TASK MATERIAL:
*** Begin section ***
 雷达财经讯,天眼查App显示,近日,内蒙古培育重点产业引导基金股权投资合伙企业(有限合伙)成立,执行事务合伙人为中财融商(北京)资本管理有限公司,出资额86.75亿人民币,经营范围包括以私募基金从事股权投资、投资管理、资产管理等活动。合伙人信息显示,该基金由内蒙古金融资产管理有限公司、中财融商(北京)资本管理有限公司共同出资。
*** End section ***
*** Begin section ***
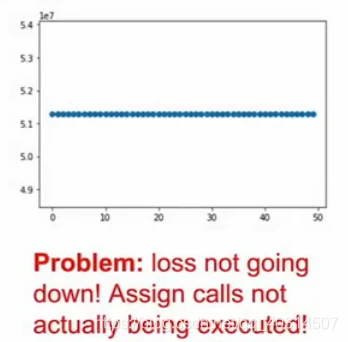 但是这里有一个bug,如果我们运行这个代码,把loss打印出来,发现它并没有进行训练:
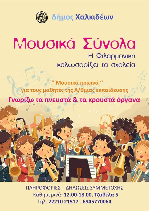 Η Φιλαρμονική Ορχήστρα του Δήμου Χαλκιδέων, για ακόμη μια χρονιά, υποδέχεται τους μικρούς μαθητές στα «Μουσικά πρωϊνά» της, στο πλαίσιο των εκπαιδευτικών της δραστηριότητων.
*** End section ***
*** Begin section ***
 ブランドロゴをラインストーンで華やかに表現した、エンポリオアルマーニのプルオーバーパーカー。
*** End section ***
EXERCISE INSTRUCTIONS:
Copy exactly, without pictures, the lines above from the one with "但是这里有一个bug,如果我" down to the one with "Η Φιλαρμονική Ορχήστρα", inclusive.

ANSWER SPACE:
 但是这里有一个bug,如果我们运行这个代码,把loss打印出来,发现它并没有进行训练:
 Η Φιλαρμονική Ορχήστρα του Δήμου Χαλκιδέων, για ακόμη μια χρονιά, υποδέχεται τους μικρούς μαθητές στα «Μουσικά πρωϊνά» της, στο πλαίσιο των εκπαιδευτικών της δραστηριότητων.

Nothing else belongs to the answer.